Paul, soon became a fan of the traditional rock fried bacon and Polar bread breakfast adding his own twist of a small squirt of BBQ sauce! We enjoyed this treat most morning and even began terming our canoe speed and bacon powered!!
Also at this site I decided to complete the tests I had previously run on my no name knife. Spoon carving requires us to use the knife for almost every type of grasp and as such is a good test of a knifes usability - the smaller the spoon the harder it is to carve - fortunately the knife performed well. As a side note here even though I tried to use my knife as often as possible I still ended up using my pocket knife much, much more. This harks back to previous article I have written and still begs the question do we really need a sheath knife for general utility work or would the traveller be better served with a pocket knife, a saw and a axe?? The debate I am sure will continue there!
Moving on we eventually reached the mid-point of our trip and paddling into a large inlet came across two other canoes - notable for two reasons, firstly these were the first other people we'd seen for 4 days and secondly because as we came around the bend into the bay both canoes turned tail and paddled for home! Odd behaviour indeed - although quite amusing too as we felt like we had entered a scene from Last of the Mohican's or some such!!
The waters of this inlet were mill pond and we, having found our stroke in unison, powered up and charged into the placid waters travelling the length of the inlet and back before locating the second Dano. The second Dano being one of two in this location. Here we also discovered who our neighbours were. 4 young German guys occupied the adjacent Dano which was located on a windy but beautifully sited head land and we concluded their mad rush back to this when we arrived was the canoeing equivalent of putting their beach towel on the sun beds!
Here Paul's fishing patience were finally rewarded and he caught us a smashing Pike for tea - filtered and cleaned I cooked it by our favourite method - yep hot rock and roll.

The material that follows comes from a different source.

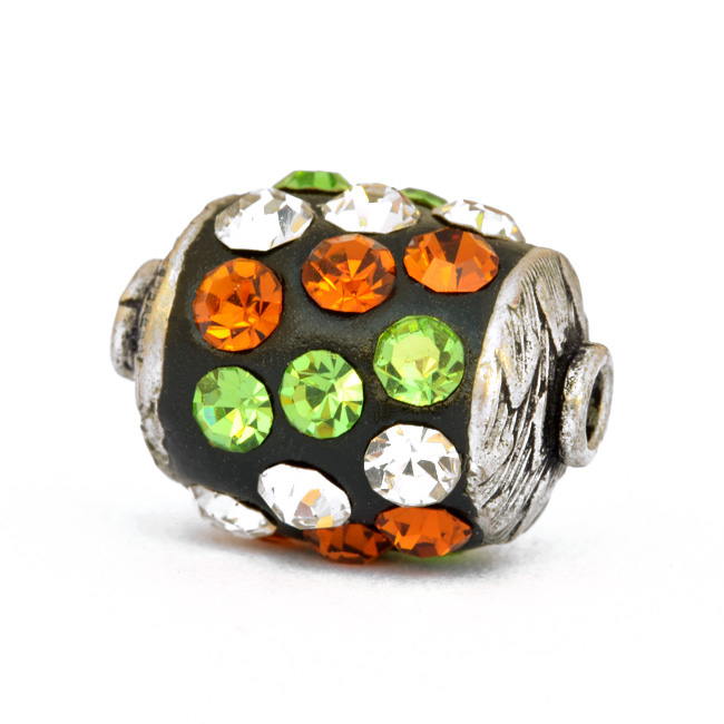 16 x 14 mm, black base, cylindrical, handmade maruti bead with silver plated side caps having 2 - 3 mm hole size. Hand-studded with white, green and orange rhinestones. Price mentioned below are for 25pc beads.

Cooked through on both sides I sprinkled it was chilli flakes and served on a wooden platter our Hot rock chilli pike was a tasty treat and as good as anything served in a 5 star restaurant!!
Sadly, next morning was the turning point of the trip as we now had to start heading back but the trip wasn't over yet and we still had one last night on the lake. This was actually the best location of all and we both agreed the best was saved until last. The shallow water of the inlet was clear and quiet warm allowing us both the have a wash and a splash around. Our last evening on the lake and we both sat up until around 2245 just to watch the sun set.
A sun set which burnt its way behind the hills to our west in a firey sky of golden yellows and orange - a memorable end to a great trip.
Finally our last day arrived - heavy hearts reflected the strong winds we noted blowing white caps off the lakes less than placid surface!!
Our paddle home was hard work against the wind and bow of our canoe was rising and falling to crash through the waves like a dreadnought charging through the north Atlantic swell! Sadly this also meant mugging's in the front ended up drenched ............... but much relieved we finally turned into the quiet calm of Risviken and beached our canoe - the trip was over.
Canoeing the waters of south centre Sweden was once compared to a religious experience by Ray Mears and I think I would agree with him. This trip was a great experience enjoyed in the company of one of my oldest friends!